INFORMATION SHOWN ▸
__________

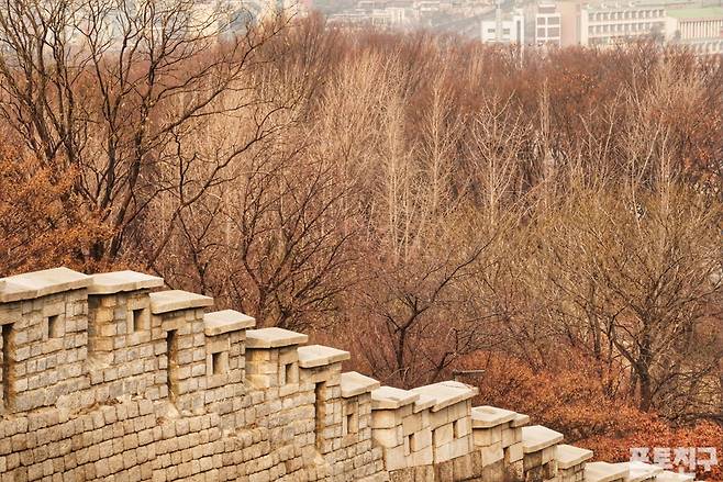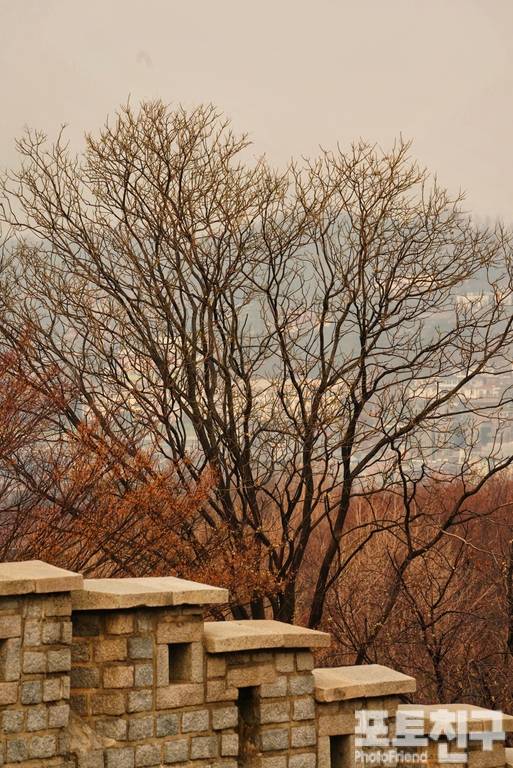 서울 낙산공원의 성곽 너머로 잔 가지를 드러낸 겨울나무들의 실루엣이 멋집니다.
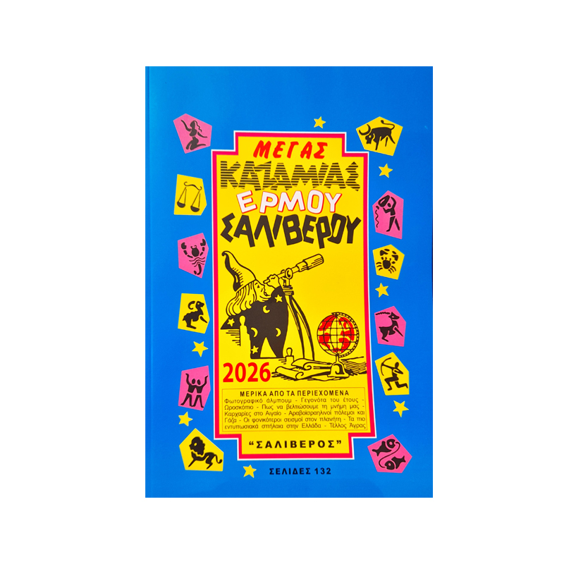 Μέγας Καζαμίας Ερμού Σαλίβερου Περιέχει τις εκλείψεις του χρόνου, ημερολόγιο, εορτολόγιο, κοσμοιστορικές χρονολογίες, συνταγές, ονειροκρίτης, κυριότερες γιορτές και αργίες και άλλα. Περιέχει επίσης ξεματιάσματα, προστασία δέρματος, ανέκδοτα, ωροσκόπιο και μαγειρική Διάσταση 17 x 24,5 cm
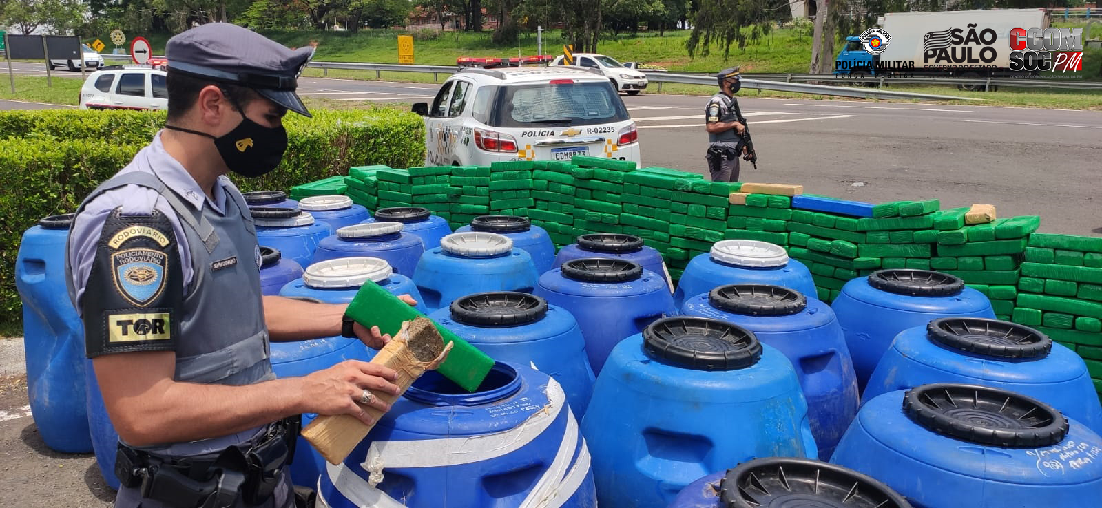 Após a realização de toda a fiscalização e busca veicular, os PMs localizaram grande quantidade de maconha escondidas em barris. A droga ainda está sendo contabilizada na Delegacia de Polícia Judiciária de Presidente Prudente.

__________

EXERCISE DIRECTIONS ▸ Starting at the first line of the material, output exactly the lines up to and including the one with "Μέγας Καζαμίας Ερμού". Do not include the pictures.

ANSWER SPACE ▸
 서울 낙산공원의 성곽 너머로 잔 가지를 드러낸 겨울나무들의 실루엣이 멋집니다.
 Μέγας Καζαμίας Ερμού Σαλίβερου Περιέχει τις εκλείψεις του χρόνου, ημερολόγιο, εορτολόγιο, κοσμοιστορικές χρονολογίες, συνταγές, ονειροκρίτης, κυριότερες γιορτές και αργίες και άλλα. Περιέχει επίσης ξεματιάσματα, προστασία δέρματος, ανέκδοτα, ωροσκόπιο και μαγειρική Διάσταση 17 x 24,5 cm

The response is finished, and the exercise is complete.